2013 I Am My Own Prisoner
Much of my work involves an intensely personal journey of close bodily scrutiny – I am forever searching for some evidence of the invisible inner psyche that might surface in the external physical body. In this image, I express not only some extremely private sentiments, but also attempt to tap into a more timeless and universal sadness that is an inevitable part of the human condition. The individual identity of the figure (in fact my own) is not imperative to the meaning of the work, and the bonds depicted in this image are not physical – they are symbolic of the crosses we all bear, the burdens we carry, the personal demons we all fight, and the restraints we place upon ourselves, often unknowingly, that prevent us from reaching our full potential.
For me this drawing also expresses the mixed feelings I have about being an artist. It is at times a very solitary profession, one that involves an acute sensitivity to which all the vagaries of life can become almost overwhelming to the extreme. And yet, this is something that I have to do – I almost have no choice in the matter. I struggle every day to deal with the world around me, and my way of making sense of it all is through my art. In making this work I am coming to terms with my own demons, in large scale, on full public display for all to witness. This is a painful process, but doing it in this way means that I can’t back away from it. The work has to be finished. I’ve heard it said before that the deepest pain can bring forth true strength, courage and self-knowledge. I believe this is true for all of us in whatever form this revelation will take.

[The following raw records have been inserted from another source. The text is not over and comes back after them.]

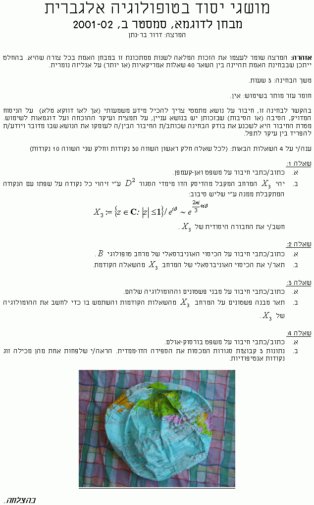 Office hours: July 9 and 10, Math 309, 11:0-13:00. Final examination (Moed A), Rashall Auditorium, July 11th at 10:00-13:00: MoedA.pdf, MoedA.gif (solution to the riddle). |
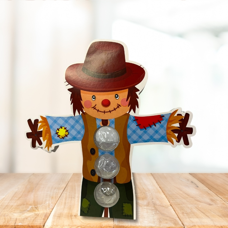 Porta brigadeiro com 3 cavidades, blister incluso, tema espantalho, tamanho 22,5x2,5x23,5cm, ideal para doces e lembrancinhas de Festa Junina.
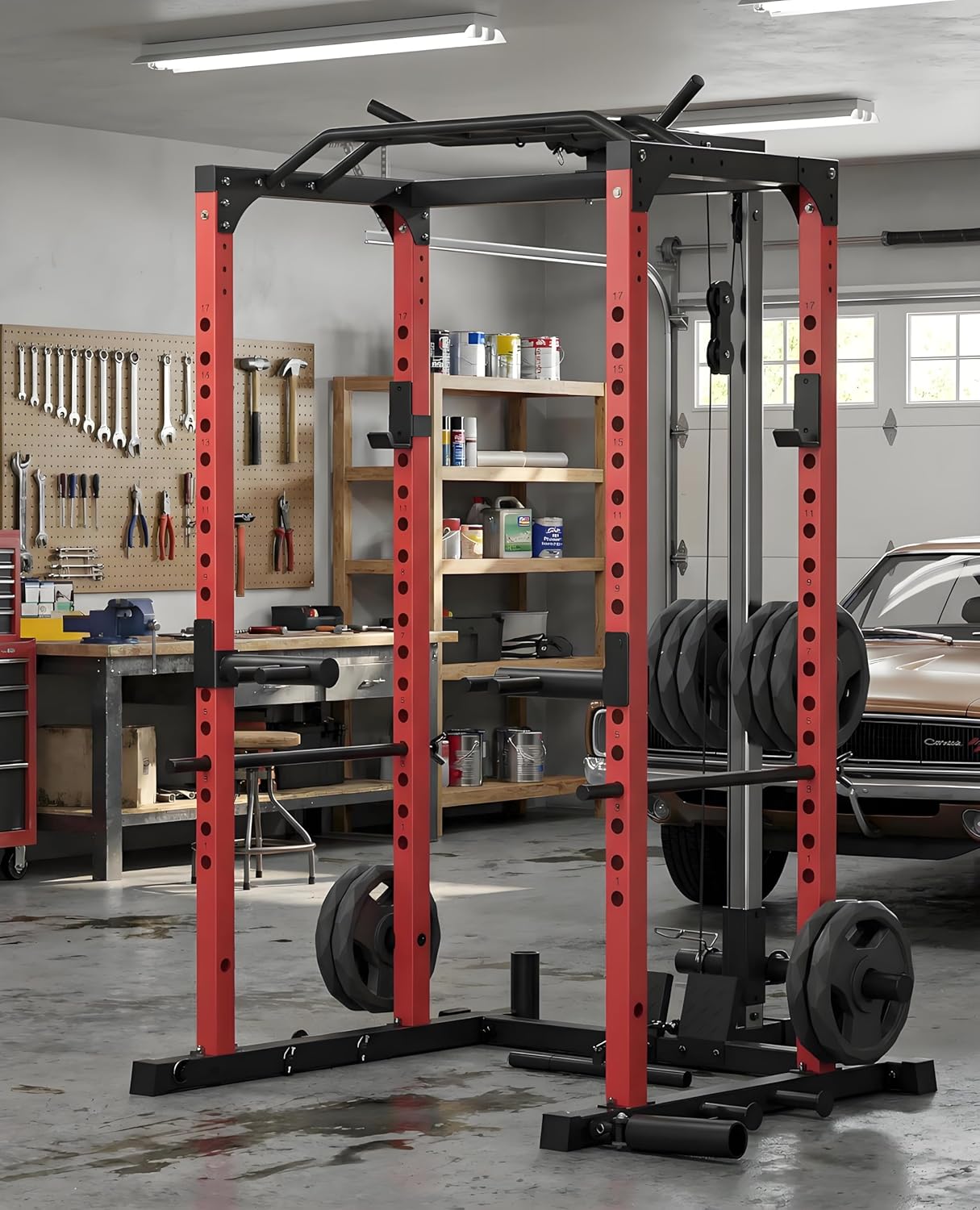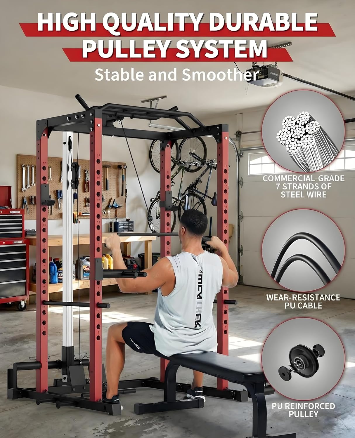【Power Cage for Versatile Home Workouts】The power cage integrates squat rack, lat pulldown, low row, and cable system into a single powerful station, enabling you to perform bench presses, squats, pull ups, dips, curls, and 50+ full body exercises.
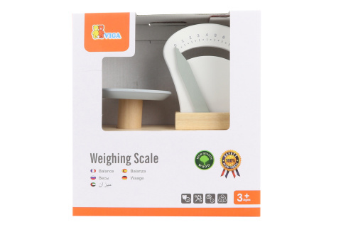 Drewniana waga o wymiarach ok. 18,5 x 20 x 8,5 cm. Wymiary opakowania ok. 20 x 21,5 x 10 cm. Wiek 3+ przeczytaj całość
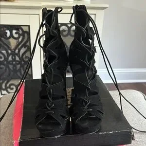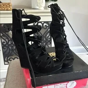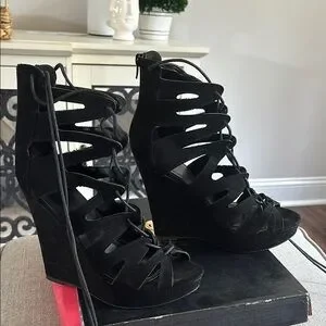 Step out in style with these chic black lace-up wedge sandals. Perfect for any occasion, they offer both comfort and elegance.
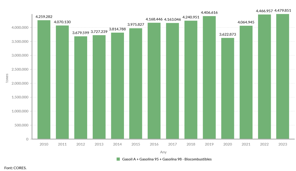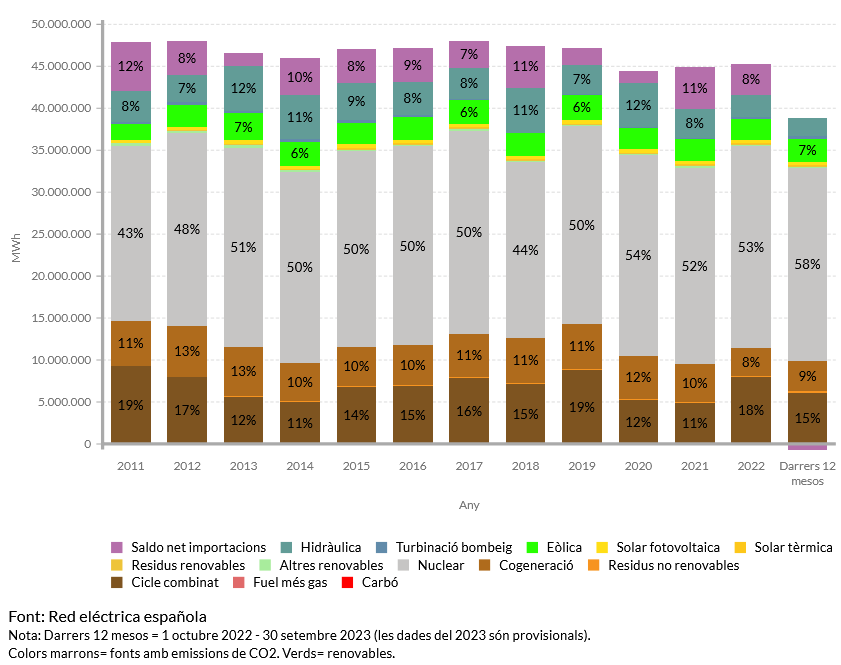 - L’any 2023 les emissions van ser un 3,3 % inferiors a les de l’any 2021 (darrer any amb dades oficials).
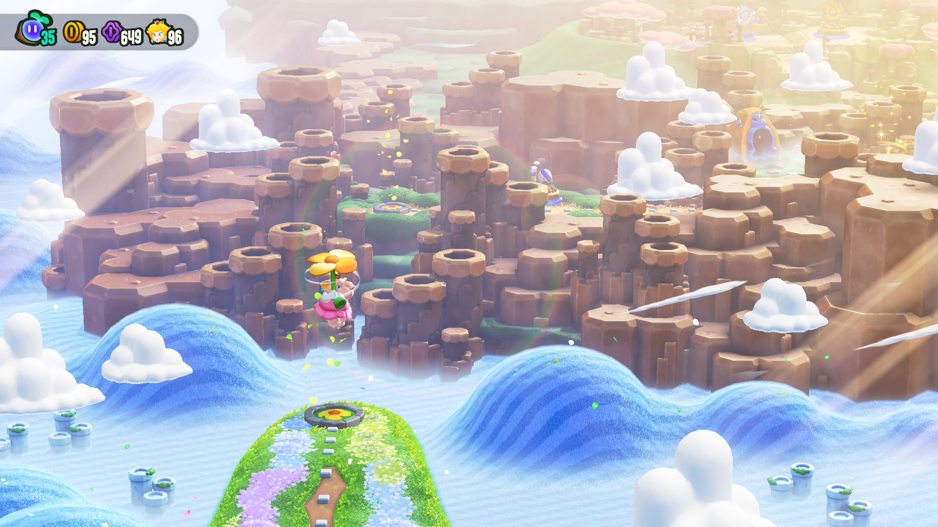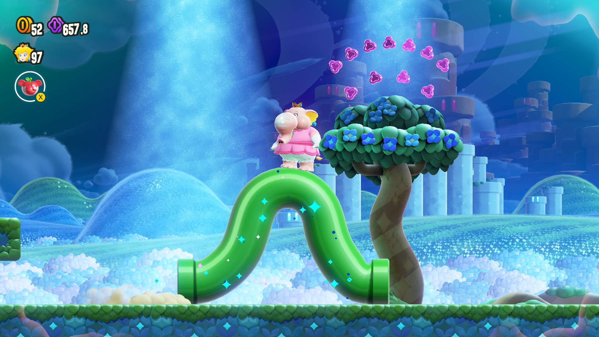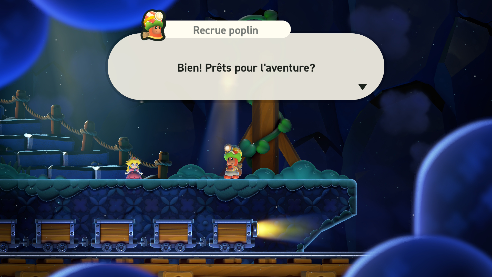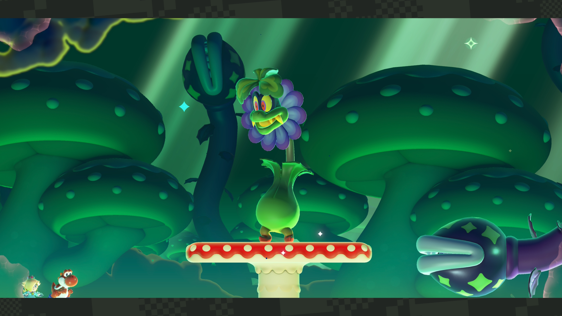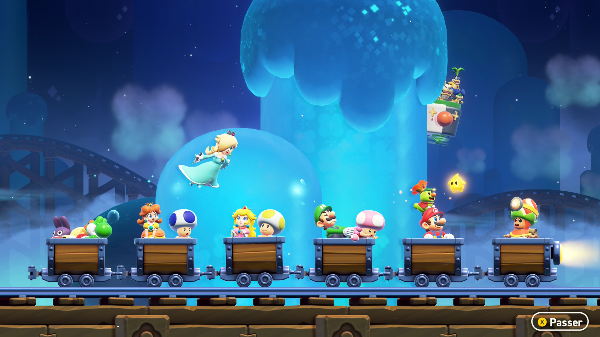 Pour ce qui est des nouveautés proposées dans l’extension, en vous connectant au jeu, vous recevez un « flash spécial » vous disant qu’une entrée vers le parc Bellabel a été découverte dans la « Plaine des tuyaux ». Pas besoin d’avoir terminé beaucoup de niveaux du jeu principal pour y avoir accès, seuls les quatre premiers niveaux seront nécessaires. Pour déverrouiller le terrain, il vous faut trois graines de prodige afin de délivrer la recrue Poplin des griffes de la plante carnivore qui obstruait l’entrée du parc Bellabel. Vous aurez aussi remarqué que Rosalina et Luma, l’étoile, sont maintenant disponibles parmi les personnages que vous pouvez choisir de jouer! Luma sera cependant seulement un personnage allié qu’il sera possible d’utiliser seulement quand vous serez plus de deux joueurs. Luma ne subira aucun dégât, mais elle pourra combattre des ennemis et amassez des pièces. Vous pouvez aussi jouer ce personnage avec le mode souris. Je trouve que c’est un très bel ajout. Sinon, il y a aussi un nouveau pouvoir qui vous permet de vous transformer en fleur, lancent des fleurs ascendantes et des lianes pour vous accrocher. Rosalina, Luma et le nouveau pouvoir peuvent tous être utilisés pour compléter l’entièreté des niveaux du jeu.
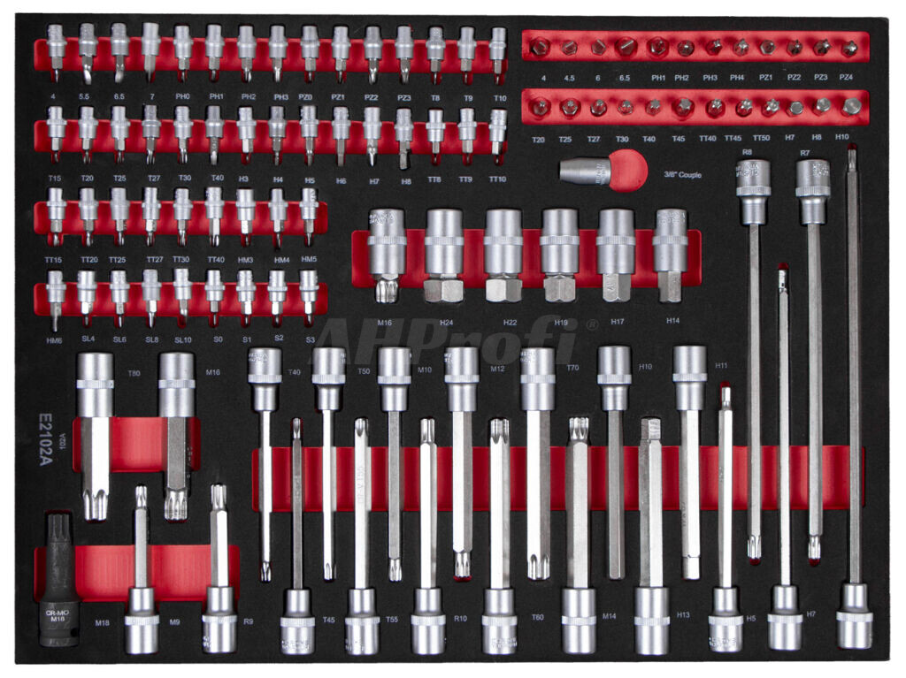 | 48 ks | Hlavice s bitmi (37 mm): Krížové: PH0, PH1, PH2, PH3, PZ0, PZ1, PZ2, PZ3 Ploché: 4, 5.5, 6.5, 7 mm Torx: T8, T9, T10, T15, T20, T25, T27, T30, T40, TT8, TT9, TT10, TT15, TT20, TT25, TT27, TT30, TT40, TS10, TS15, TS20, TS25, TS27, TS30, TS40, TS45, TS50 Imbus: H3, H4, H5, H6, H7, H8 Tisícihran: M8, M10, M12 |
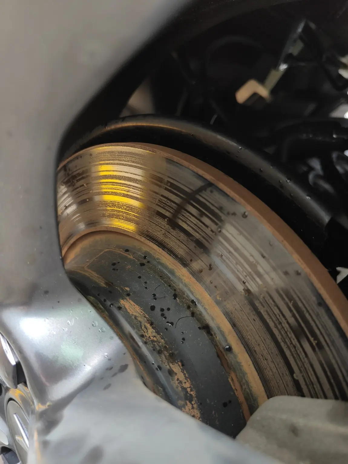 有没有懂得大哥能告诉我一下,刹车盘这个样子到底正常吗?不只是锈迹,摸上去是有坑洼感觉的了,唉
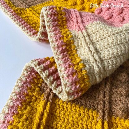 A blanket full of bobbles and front-post stitches with a border of front and back post stitches to make it even more cosy!
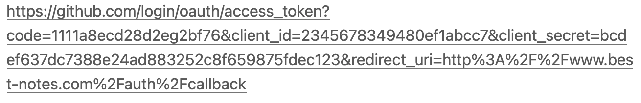 code—— 这就是 Authorization code 的值client_id—— 跟前面一样,这个 client_id 可以帮助 GitHub Authorization Server 识别第三方应用的(在本文中就是 Best-Notes)client_secret—— 这是一个密码,在注册 Application 的时候,GitHub 会生成这个字符串,用于 GitHub Authorization Server 验证 Application 后端的身份 —— 什么意思呢?还记得第三步中,用户跳转到 GitHub 授权页面时,client_id 其实是暴露在浏览器地址栏中的,因此任何人(包括黑客)都能看到这个 client_id,因此如果只是使用 client_id 做验证是不安全的。—— 简言之,client_id 和 client_secret 在这一步中用于向 GitHub Authorization Server 证明这个请求真的是来自 Application(的后端)redirect_uri—— 这个值必须跟前面的一样,否则也会被 GitHub Authorization Server 拒绝。个人认为,这个参数在这边存在的意义是比较小的,毕竟根据 client_id 和 client_secret 就已经能验证 Application 的身份了,根据官方文档,这个参数只是为了多加一层安全保护。

Making a work on this scale is an act of physical and mental endurance. It is exhausting, but at the same time exhilarating. The process of creating is important to me, even more important than the finished product itself, and perhaps knowing that the work would not be permanent has allowed me a much greater freedom than I would have had otherwise. The ephemeral nature of this work is significant in that it is a unique event, witnessed only by a few, and will not end up wrapped in bubblewrap and dust in a corner of my studio. It will in fact remain on the wall, under a few coats of paint, for as long as that wall stands. This thought makes me smile – at the end of the day, the art still remains.